BAIXADA SANTISTA

Prédios tortos de Santos dispensam intervenção estrutural agora

Prefeitura monitora edifícios inclinados da orla após resposta à Câmara Municipal

Marcello Sanches
Marcello Sanches

Publicado em 12 de agosto de 2026, 15:28 — Em Baixada Santista

1 min de leitura
Prédios tortos de Santos dispensam intervenção estrutural agora
Prédios tortos de Santos dispensam intervenção estrutural agora

Nenhum dos prédios tortos localizados na orla de Santos, no litoral paulista, necessita de intervenção estrutural imediata. A conclusão foi divulgada pela Secretaria de Obras e Edificações do município, a Seobe, em resposta a um requerimento apresentado pela Câmara Municipal que cobrava informações sobre a situação dos edifícios em desaprumo.

Segundo a secretaria, o posicionamento foi fundamentado em laudos de análise estrutural elaborados por profissionais especializados contratados pelos próprios condomínios. A prefeitura ressaltou, no entanto, que o monitoramento das edificações é realizado de forma periódica, a fim de identificar eventual necessidade de intervenções futuras.

A Seobe confirmou a existência de um levantamento oficial que relaciona todos os edifícios em situação de desaprumo no município. A lista, porém, não foi tornada pública pela administração municipal, que justificou a decisão pelo risco de interferência no mercado imobiliário local, com possíveis prejuízos aos proprietários e moradores.
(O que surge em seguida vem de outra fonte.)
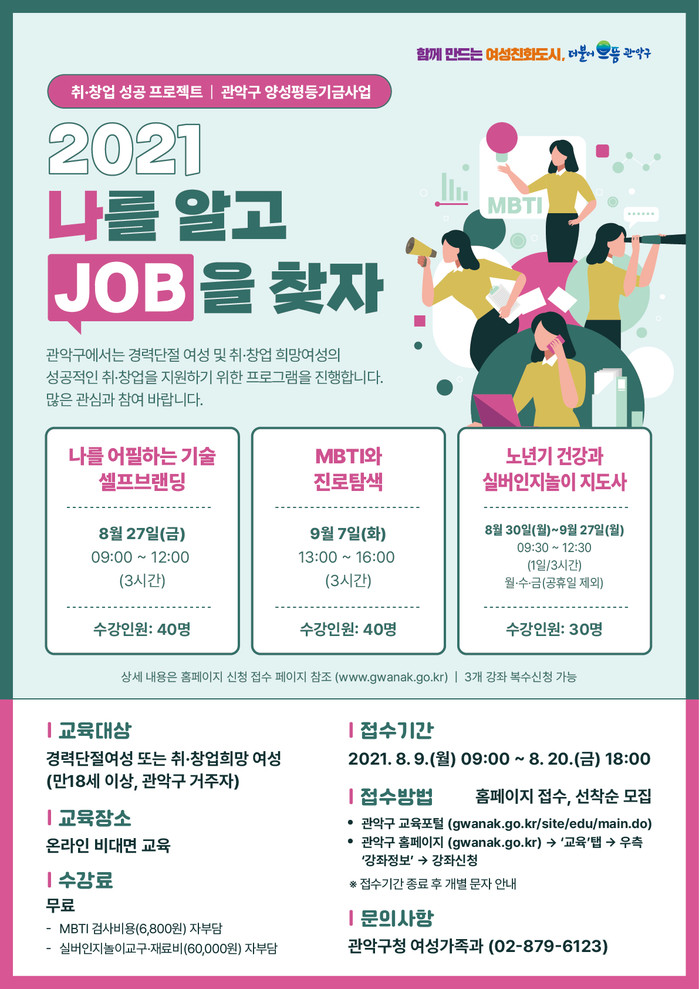 모든 강좌는 무료로 오는 8월 27일부터 9월 27일까지 진행되며, 관악구에 거주하고 있는 만18세 이상의 경력단절여성 또는 취·창업희망 여성이면 누구나 신청할 수 있다.

A legislação municipal vigente obriga proprietários e condomínios a realizarem vistorias preventivas periódicas nas edificações. O processo exige a emissão de laudo técnico detalhado sobre anomalias identificadas, suas características e causas, incluindo a descrição de desaprumos excessivos quando constatados.

O requerimento da Câmara também questionou o andamento de uma proposta de financiamento junto ao Banco Nacional de Desenvolvimento Econômico e Social, o BNDES. Em abril deste ano, a prefeitura, o banco e a Associação dos Condomínios dos Prédios Inclinados, a Acopi, estudavam um modelo inédito de crédito para viabilizar obras de reaprumo nos cerca de 319 prédios afetados, com a prefeitura atuando como garantidora. O prefeito Rogério Santos, afastado para tratamento de saúde, havia indicado que o BNDES ainda não dispunha de um modelo de financiamento consolidado para esse tipo de intervenção.